Paul Feldhausen

No. 66
- Position: Offensive tackle

Personal information
- Born: June 14, 1946 (age 80) Madison, Wisconsin, U.S.
- Listed height: 6 ft 6 in (1.98 m)
- Listed weight: 260 lb (118 kg)

Career information
- High school: Iron Mountain (Iron Mountain, Michigan)
- College: Northland College (1964-1967)
- NFL draft: 1968: 11th round, 278th overall pick

Career history
- Boston Patriots (1968);

Career AFL statistics
- Games played: 2
- Stats at Pro Football Reference

= Paul Feldhausen =

American football player (born 1946)

Paul Elvie Feldhausen (born June 14, 1946) is an American former professional football player in the American Football League (AFL) for the Boston Patriots in 1968 as a tackle.

==Career==
Feldhausen was a nine letterwinner and MVP of both the football and basketball teams at Iron Mountain High School in 1963-64. Feldhausen then attended Northland College in Wisconsin where he was two-time football captain and Little All-America lineman in 1966-67, eventually being inducted to the Northland Sports Hall of Fame in 1991. He also became the first recipient of the Voltaire Perkins award as Most Valuable Player for the Northland College football team.
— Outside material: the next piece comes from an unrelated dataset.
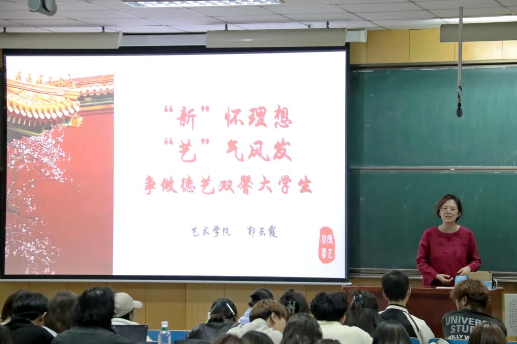 课堂上,郭书记通过“大学四问、了解内心需求、寻找幸福真谛、追寻生命意义”等深刻问题,通过自身的经历与身边的案例,为同学们拨开层层迷雾。她指出价值的创造与实现要在劳动和奉献中创造、在个人与社会的统一中实现、在砥砺自我中实现。她结合党的二十大三中全会会议精神,进一步分析艺术人在中国式现代化发展进程中的任务、使命与前景。她指出新时代大学生应将个人理想融入国家的发展大局,以新思想、新观念、新技术武装自己,为实现中华民族伟大复兴的中国梦贡献力量。通过分析习近平总书记十八大以来关注文化传承的足迹与给各界艺术家们的回信,分析2023感动中国年度人物牛犇何以感动中国,进一步阐明艺术人的价值追求,即“坚持正确政治方向,践行社会主义核心价值观,把为人民创作作为人生追求,坚持社会效益至上,紧扣时代脉搏,崇德尚艺,守正创新,用情用力讲好中国故事,做有信仰、有情怀、有担当的艺术人”。

Feldhausen was selected in the 11th round of the 1968 NFL/AFL draft to the Boston Patriots. He played as a tackle for the team for three seasons, but only played in two games, both in the 1968 season. After three years with the Patriots, he suffered a back injury in a blocking dummy accident and subsequently had to retire from the league.

After retiring, he spent 40 years as a football and baseball official for the Wisconsin Interscholastic Athletic Association, and was the 1993 National Federation of State High School Associations Umpire of the Year.